PR TIMES / 2013年6月21日 11時25分



価値観や生活スタイルの変化とともに進む、日本の晩婚化や少子化。社会問題として語られる、これらの問題は、様々な局面で、非常に深刻な課題となり始めているようにうかがえます。卵子の凍結保存に関する議論の過熱などは、その一局面であると言えるでしょう。それでは、こうした時代背景の中で女性の意識はどのように変化しているのでしょうか。確かに、晩婚化にともない、出産への不安や心配の高まりは避けられません。しかし、子供が欲しいという気持ちは、今も昔も変わらないのではないでしょうか。
そんな中で、仕事も家庭も、そして、妊娠も、自分らしい選択をし、イキイキと前向きに生きる。そんな女性の生き方に、注目が集まっています。いわゆる“妊活”です。生活者の意識・実態を調べるトレンド総研では、今回、この“妊活”に注目。今後より重要性を増すであろう、“妊活”の実態について調べました。


■ レポート内容

1. 20代後半~40代前半の女性500名に「妊娠・妊活」に関する調査を実施
  妊娠への不安と“妊活”トレンド、その実態を徹底調査

2. 産婦人科医・宋 美玄先生に聞く、“妊活”のポイント
  ポイントは妊娠への備え、子供が欲しくなったら行うべき、葉酸サプリと女性の体の関係とは!?


■ Summary

本レポートでは、注目が高まる“妊活”にフォーカスし、その背景や実態を明らかにするために、子供が欲しいと思う20代後半~40代前半の女性を対象にした、アンケート調査を行いました。
また、本調査から明らかになった、妊娠への準備の重要性について、産婦人科医の宋 美玄先生に取材を行いました。


<主な調査結果>

(1) 妊娠への不安について
  ⇒ 94%が「妊娠に不安な気持ちがある」も、妊娠のための取り組みを行っている人は、わずか20%
(2) “妊活”の広がりについて
  ⇒“妊活”の認知率は63%、また、77%が「今後、その重要性は高まると思う」
  ⇒“妊活”の「実施意向あり」はおよそ半数、67%は「妊娠に対する情報が不足している」


<産婦人科医・宋 美玄先生へのインタビューの要点>

(1) 現代社会においては、女性は、妊娠に向けて日ごろから備えておくことが重要
(2) 一つのポイントとしてあげられるのが、葉酸
(3) 注意すべきは、葉酸を摂り始めるタイミングで、妊娠したことが分かってからでは遅く、子どもが欲しいと思ったときから、葉酸を摂り続けることが重要。
(4) 肌のターンオーバーを促したり、血行を良くし、代謝を高めたりと、葉酸のメリットは多岐に渡る。

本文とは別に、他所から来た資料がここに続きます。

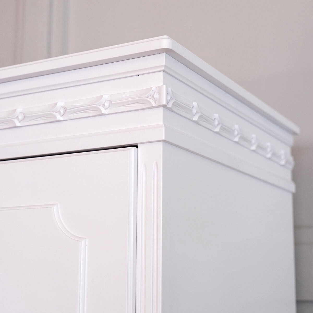 Kaappi on saatavana useissa väreissä, ja halutessasi sen voi viimeistellä käsin maalatulla kullan- tai harmaanvärisellä patinoinnilla, joka korostaa tyylikkäitä yksityiskohtia. Huolellinen kotimainen käsityö takaa erinomaisen laadun ja ajattoman eleganssin – vaatekaapin, joka kestää vuosikymmenet.
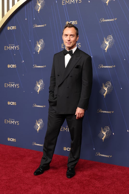 俳優のジュード・ロウは、ブラックのダブルブレスト ピークドラペル・イブニングジャケットに、ブラックのイブニングトラウザーズを合わせ、コットンのイブニングシャツ、シルクアクセサリー、パテントシューズを着用しました。

■ 1. 20代後半~40代前半の女性500名に「妊娠・妊活」に関する調査を実施

最初に、妊娠や“妊活”に対する女性の意識を探るべく、子どもが欲しいと思う25歳~44歳の結婚している、あるいは、結婚を予定している女性500名を対象に、「妊娠に対する不安と“妊活”に関する意識・実態調査」を行ないました。本調査では、妊娠に対する女性の意識や将来の妊娠に対する準備の実態について調べた上で、“妊活”に対する認知や考え方について質問を行ないました。


[調査概要]
調査名:「妊娠に対する不安と“妊活”に関する意識・実態調査」
調査対象:25歳~44歳の女性 500名 (年代別に均等割り付け)
  ※20代後半:125名、30代前半:125名、30代後半:125名、40代前半:125名
  ※既婚者、あるいは、現在、結婚の予定がある人
  ※現在、将来問わず、子どもが欲しいと思う人
調査期間:2013年6月4日(火)~2013年6月6日(木)
調査方法:インターネット調査
調査実施機関:楽天リサーチ株式会社


◆ 94%が「妊娠に不安」も、8割が「妊娠への取り組みなし」

はじめに、「妊娠に対する不安」について調べました。
「妊娠に対する不安な気持ちがありますか?」と聞くと、「ある」と回答した人は94%にのぼります。具体的には、どのようなことに不安を抱いているのか調べると、「仕事との両立に関する不安」が最多で、74%。次点に続く、「経済面に関する不安」(63%)と、外的な生活環境に関する不安が上位を占めます。僅差で続く、「自身の年齢に関する不安」(53%)、「赤ちゃんの健康に関する不安」(53%)、「出産後の育児に関する不安」(50%)といった自身や子どもに関する項目を上回り、現代の世情を表す結果となったと言えるかもしれません。
それでは、こうした不安に対して、女性の方たちはどのような対策をとっているのでしょうか。「妊娠に対する不安に対して、ご自身で取り組まれていることはありますか?」と聞きました。この質問に「ある」と答えた人は、20%にとどまります。8割程度の人は妊娠に対する不安を感じつつも、実際には何も対策を行えていないことが明らかになりました。また、その理由を自由回答で聞いたところ、多くあげられたのは「しばらく妊娠の予定がなく、準備をする気持ちにならないから。(東京都・28歳)」、「仕事が忙しく、ゆっくり考える時間がないから。(埼玉県・43歳)」といった意見。今回の調査対象の方たちは、現在、あるいは、将来的には、子どもが欲しいと思っている方たちですが、それでも、妊娠に対する準備ができているという人はごく一部に限られます。
さらに、こうした女性たちの現状が表れているのが、次の結果です。子どもが欲しいと思うという女性の内、「今は欲しいと思わないが、将来的には欲しい」という人の割合を年代別に比較しました。すると、20代後半、30代前半、30代後半、40代前半で、それぞれ44%、34%、31%、14%という結果に。30代後半の女性でさえ、3人に1人は、子どもが欲しいと思っていても、今すぐにではなく、先延ばしにして考えているという実態が明らかになりました。40代前半では、その割合は大きく下がるものの、それでも7人に1人は、子どもを生むことを将来のことと捉えているようです。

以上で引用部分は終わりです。